Could every line below be transcribed exactly, with the pictures dropped?

══════════════════════════════

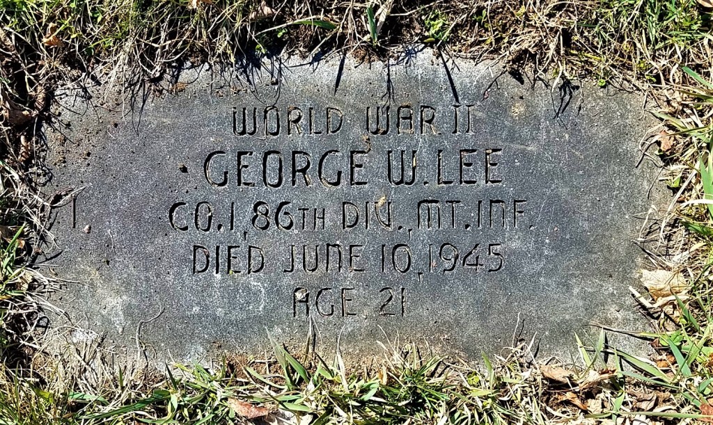 Word has been received from the War Dept. by Mr. and Mrs. Robert Lee of Brattleboro, Vermont, formerly of this city, that their son, PFC George W. Lee, died on June 10 from wounds received on the Italian battlefront. PFC Lee was attached to the 86th Mountain Infantry. He was inducted into the Army from Norwalk on Jan. 4, 1943. He received his training at Camp Hale, Colorado, Front Royal, Virginia, and Camp Swift, Texas. He is survived by his wife, Mrs. George Lee, and son George Jr. of Lake Placid, N.Y. and four brothers, Henry, Daniel, Theodore, and Albert Lee of Brattleboro, VT, and two sisters, Mrs. Richard Austin of Brattleboro, VT, and Mrs. Arnold DePietro of 49 Plattsville Avenue, Norwalk.
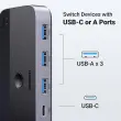 Stikalo USB 3.0 nudi 1 vrata USB C in 3 vrata USB A za podporo povezovanja različnih naprav USB. Vrata USB C je mogoče povezati z zvezdiščem USB C ali drugimi napravami USB C, kar razširi več vrat za dva računalnika.
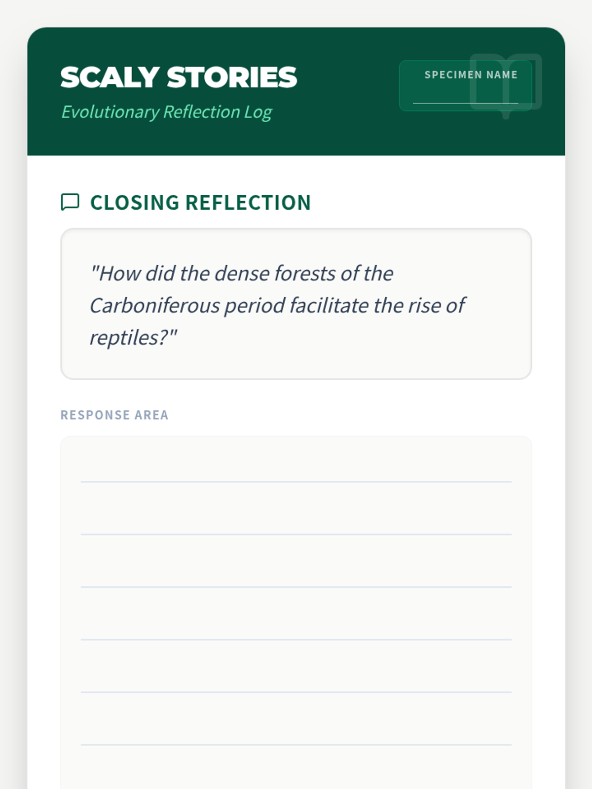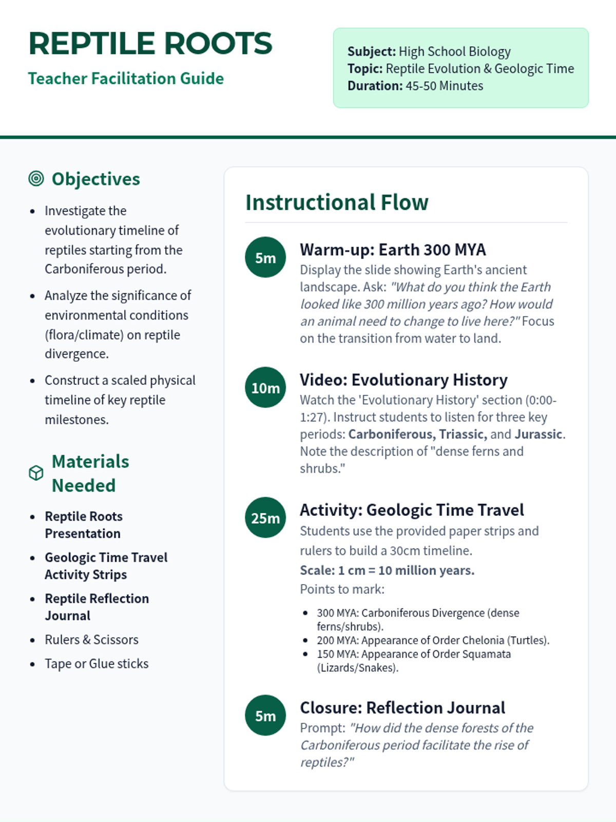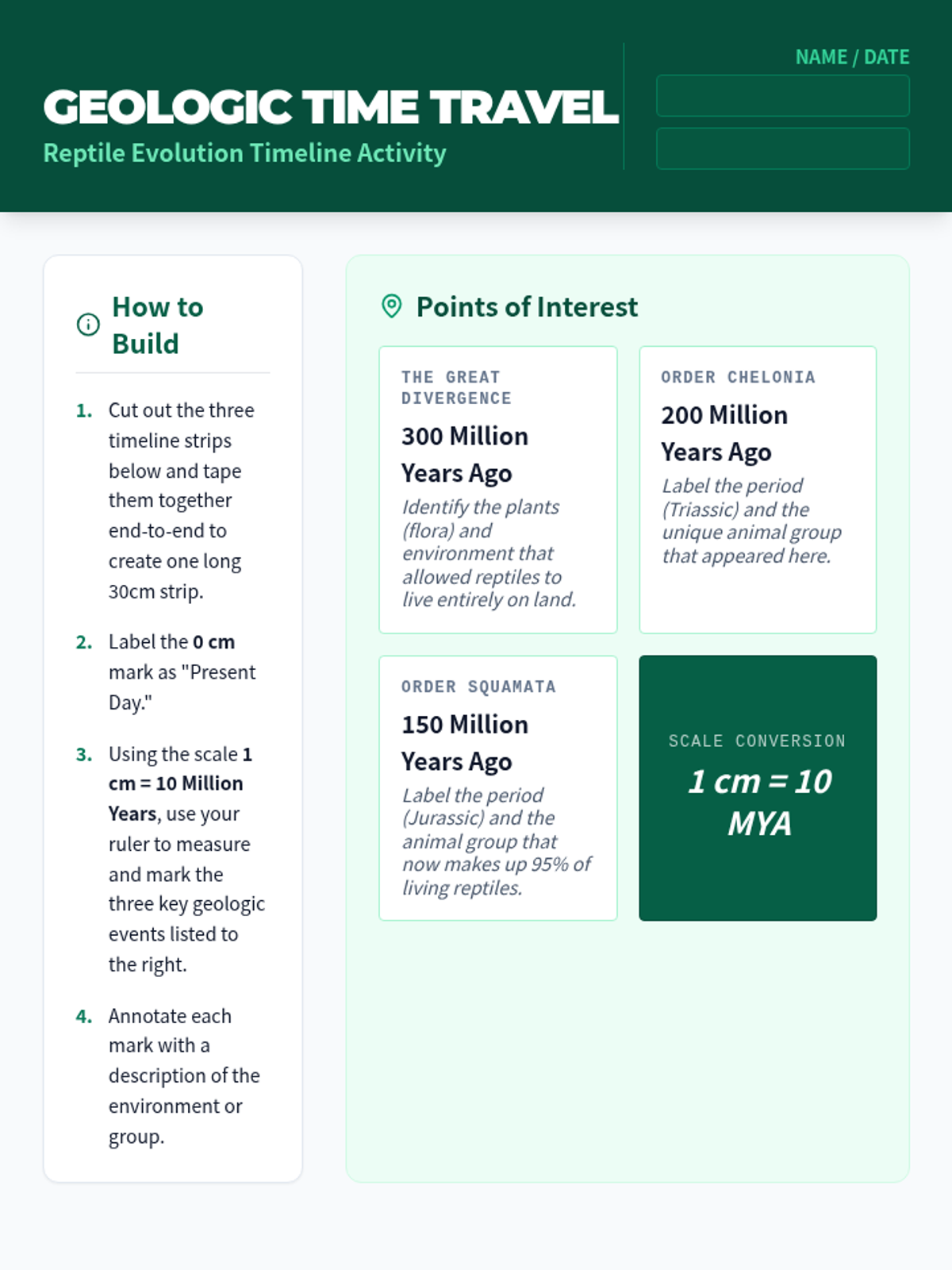 Students explore the evolutionary history of reptiles, tracing their origins from the Carboniferous period through the Mesozoic era. The lesson features a hands-on timeline construction activity where students map key evolutionary milestones and environmental conditions.
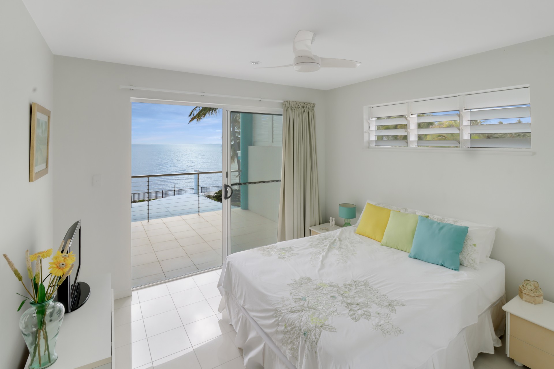 - Upstairs are the guest quarters, with two bedrooms, built-in robes, a bathroom, a sitting area and a built-in workspace. Both bedrooms open out onto the veranda with magnificent views towards Hinchinbrook, Dunk Island and beyond
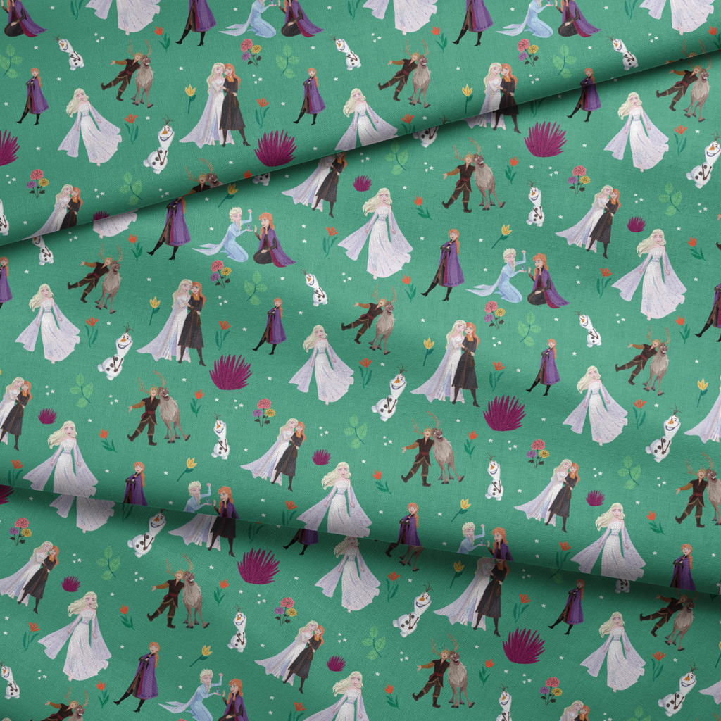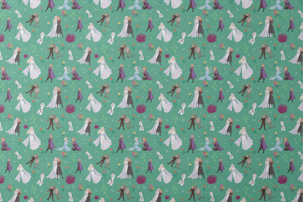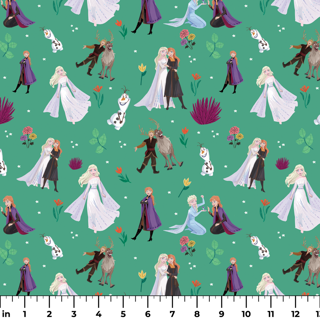 This enchanting Disney Frozen pattern features Elsa, Anna, Olaf, and Kristoff on a vibrant green background with colorful florals - perfect for fans of the beloved animated film.
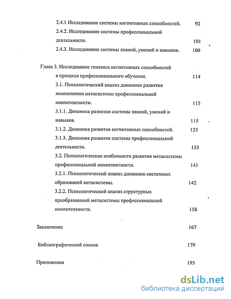 Глава 3. Исследование генезиса когнитивных способностей в процессе профессионального обучения . 114
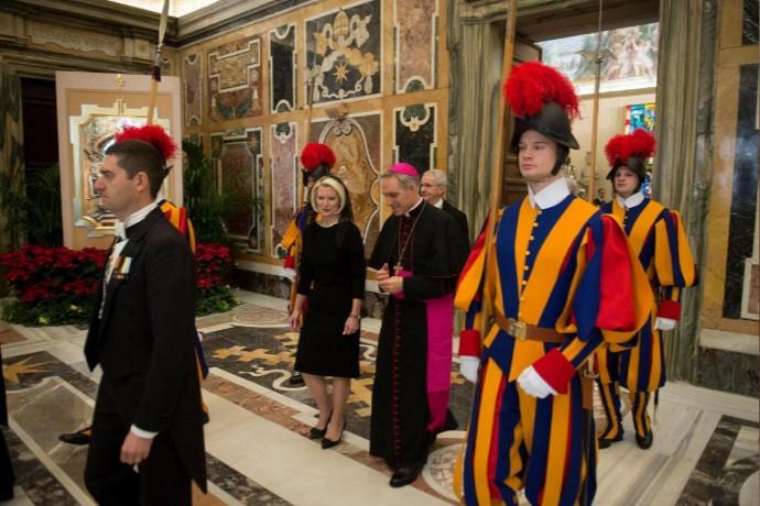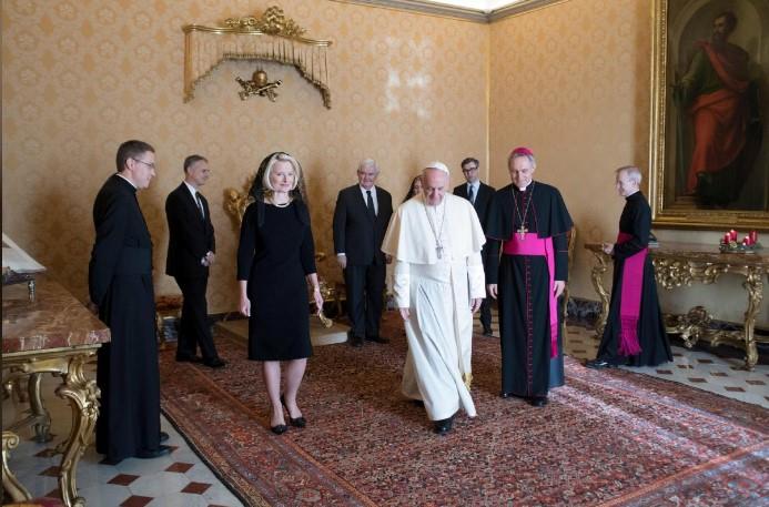 Pope Francis meets U.S. ambassador to the Vatican Callista Gingrich at the Vatican December 22, 2017.
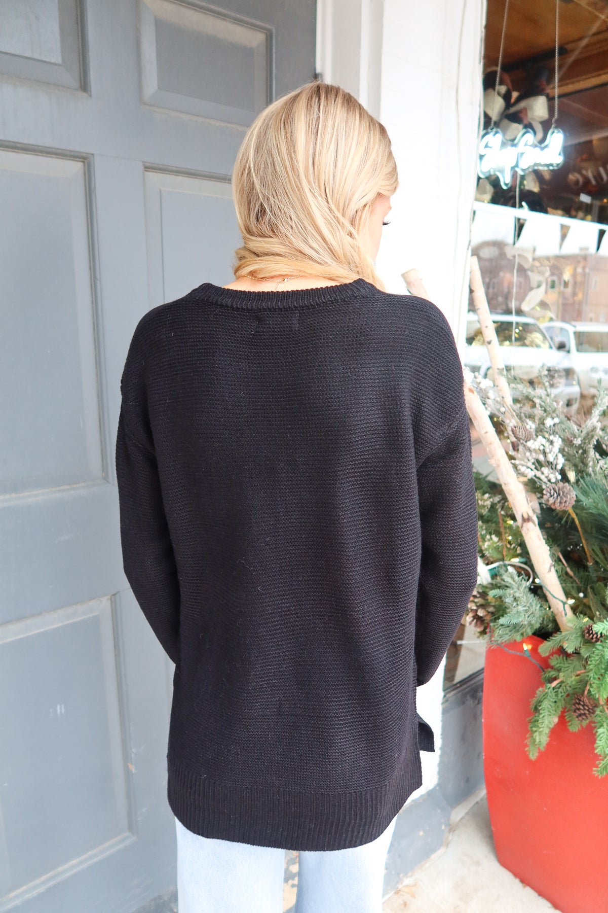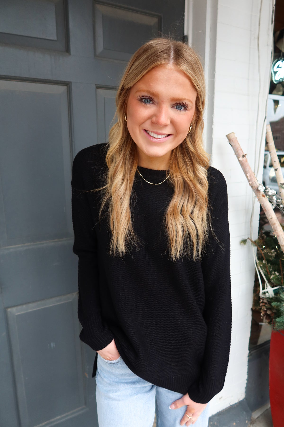 Wrap yourself in effortless comfort with this essential black sweater. Crafted for everyday wear, its soft fabric and relaxed fit make it the perfect layering piece or standalone staple. Whether you're heading to the office, running errands, or settling in at home, this versatile sweater transitions seamlessly through your day. The timeless black hue pairs with everything in your wardrobe, making it an investment piece you'll reach for again and again. Simple style never felt so good.
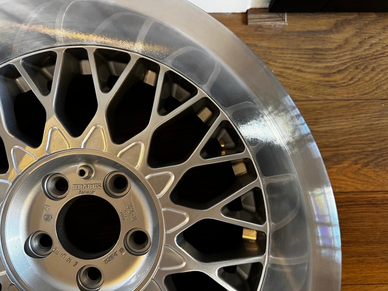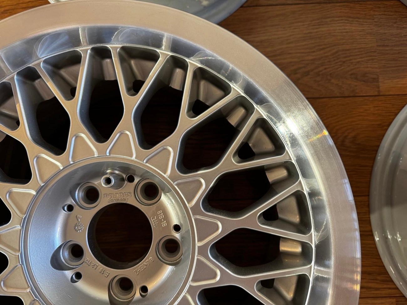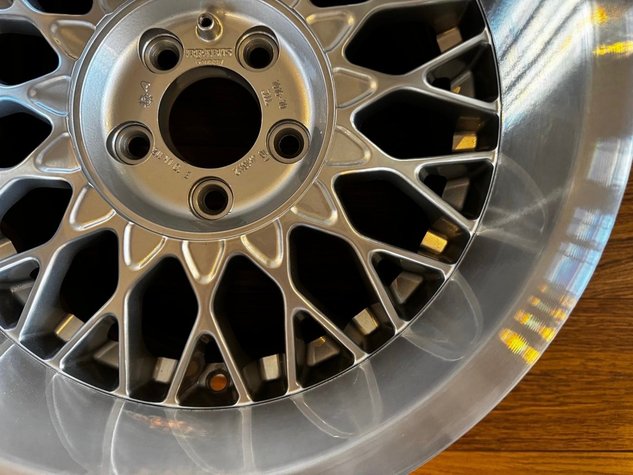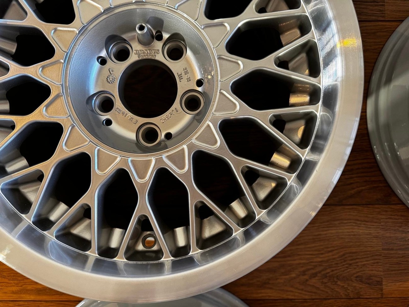 These authentic BRABUS wheels were offered as an optional upgrade on various classic Mercedes-Benz models including the W126 and C126. The faces and center caps are finished in silver with a machined lips. Up close photos of each face are provided in the gallery and no major imperfections are noted.
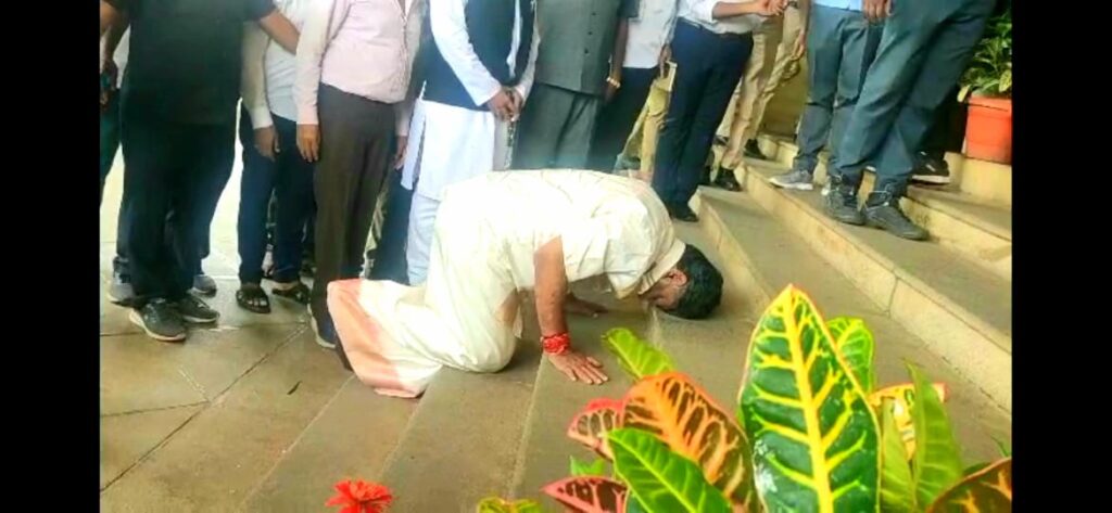 ಡಿಸಿಎಂ ಆದ ಬಳಿಕ ಮೊತ್ತ ಮೊದಲ ಬಾರಿಗೆ ವಿಧಾನಸೌಧದ ಮೆಟ್ಟಿಲು ಹತ್ತುವಾಗ ಡಿ.ಕೆ.ಶಿವಕುಮಾರ್, ಸತ್ ಸಂಪ್ರದಾಯದಂತೆ ಮಂಡಿಯೂರಿ, ವಿಧಾನಸೌಧದ ಮೆಟ್ಟಿಲುಗಳಿಗೆ ತಲೆಬಾಗಿ ನಮಸ್ಕರಿಸಿ ಶಕ್ತಿಕೇಂದ್ರದ ಒಳಗೆ ಪ್ರವೇಶಿಸಿದರು.
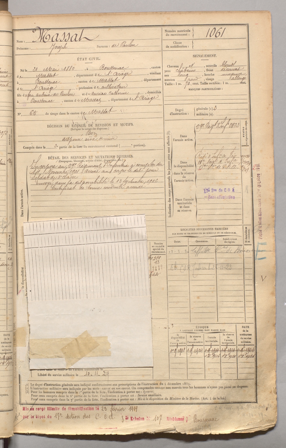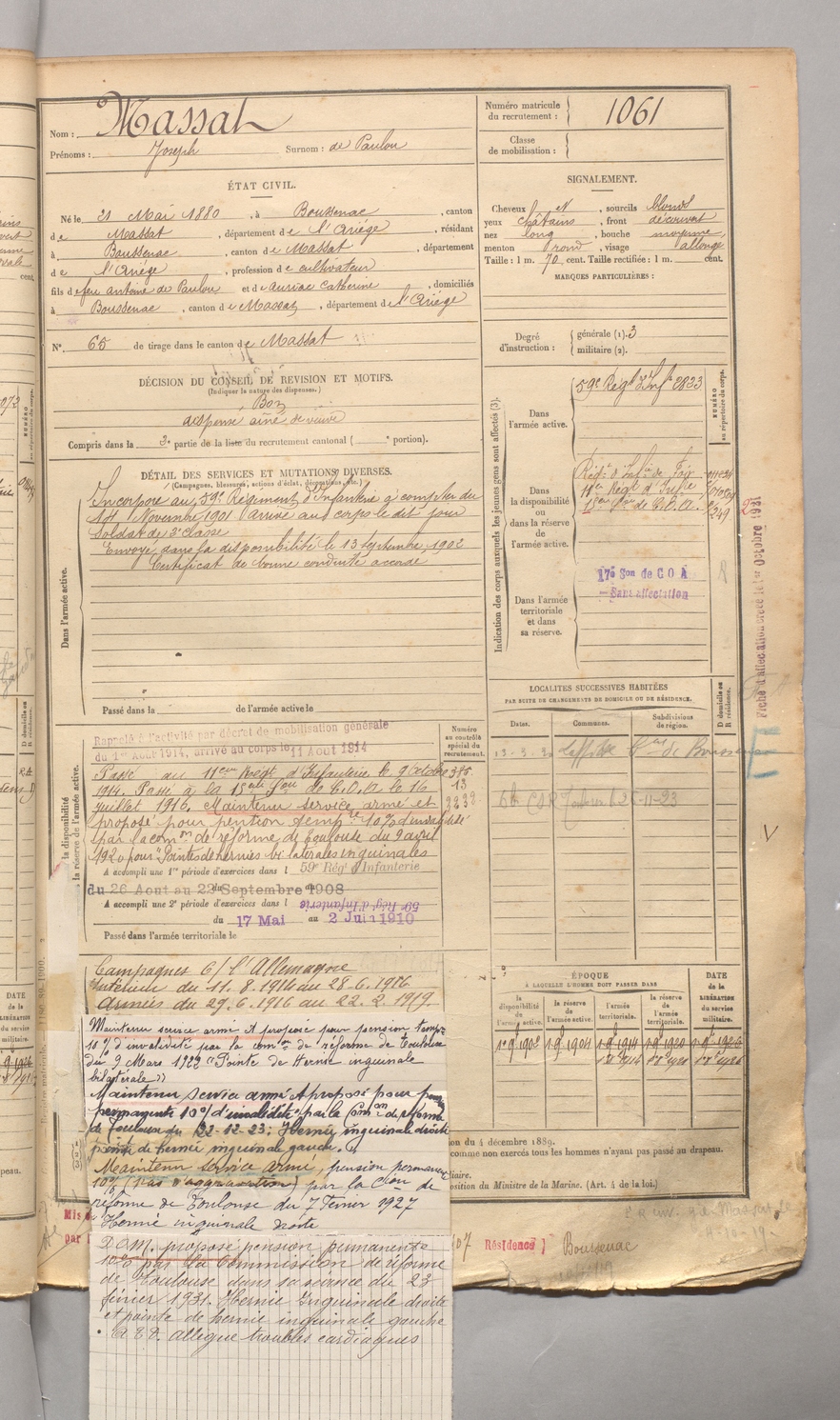 | Massat | Joseph dit De Paulou | FOIX | 129 W 4 | 1900 | Boussenac | Boussenac | 1061 |

══════════════════════════════

* **Reply to the task**:
 Word has been received from the War Dept. by Mr. and Mrs. Robert Lee of Brattleboro, Vermont, formerly of this city, that their son, PFC George W. Lee, died on June 10 from wounds received on the Italian battlefront. PFC Lee was attached to the 86th Mountain Infantry. He was inducted into the Army from Norwalk on Jan. 4, 1943. He received his training at Camp Hale, Colorado, Front Royal, Virginia, and Camp Swift, Texas. He is survived by his wife, Mrs. George Lee, and son George Jr. of Lake Placid, N.Y. and four brothers, Henry, Daniel, Theodore, and Albert Lee of Brattleboro, VT, and two sisters, Mrs. Richard Austin of Brattleboro, VT, and Mrs. Arnold DePietro of 49 Plattsville Avenue, Norwalk.
 Stikalo USB 3.0 nudi 1 vrata USB C in 3 vrata USB A za podporo povezovanja različnih naprav USB. Vrata USB C je mogoče povezati z zvezdiščem USB C ali drugimi napravami USB C, kar razširi več vrat za dva računalnika.
 Students explore the evolutionary history of reptiles, tracing their origins from the Carboniferous period through the Mesozoic era. The lesson features a hands-on timeline construction activity where students map key evolutionary milestones and environmental conditions.
 - Upstairs are the guest quarters, with two bedrooms, built-in robes, a bathroom, a sitting area and a built-in workspace. Both bedrooms open out onto the veranda with magnificent views towards Hinchinbrook, Dunk Island and beyond
 This enchanting Disney Frozen pattern features Elsa, Anna, Olaf, and Kristoff on a vibrant green background with colorful florals - perfect for fans of the beloved animated film.
 Глава 3. Исследование генезиса когнитивных способностей в процессе профессионального обучения . 114
 Pope Francis meets U.S. ambassador to the Vatican Callista Gingrich at the Vatican December 22, 2017.
 Wrap yourself in effortless comfort with this essential black sweater. Crafted for everyday wear, its soft fabric and relaxed fit make it the perfect layering piece or standalone staple. Whether you're heading to the office, running errands, or settling in at home, this versatile sweater transitions seamlessly through your day. The timeless black hue pairs with everything in your wardrobe, making it an investment piece you'll reach for again and again. Simple style never felt so good.
 These authentic BRABUS wheels were offered as an optional upgrade on various classic Mercedes-Benz models including the W126 and C126. The faces and center caps are finished in silver with a machined lips. Up close photos of each face are provided in the gallery and no major imperfections are noted.
 ಡಿಸಿಎಂ ಆದ ಬಳಿಕ ಮೊತ್ತ ಮೊದಲ ಬಾರಿಗೆ ವಿಧಾನಸೌಧದ ಮೆಟ್ಟಿಲು ಹತ್ತುವಾಗ ಡಿ.ಕೆ.ಶಿವಕುಮಾರ್, ಸತ್ ಸಂಪ್ರದಾಯದಂತೆ ಮಂಡಿಯೂರಿ, ವಿಧಾನಸೌಧದ ಮೆಟ್ಟಿಲುಗಳಿಗೆ ತಲೆಬಾಗಿ ನಮಸ್ಕರಿಸಿ ಶಕ್ತಿಕೇಂದ್ರದ ಒಳಗೆ ಪ್ರವೇಶಿಸಿದರು.
 | Massat | Joseph dit De Paulou | FOIX | 129 W 4 | 1900 | Boussenac | Boussenac | 1061 |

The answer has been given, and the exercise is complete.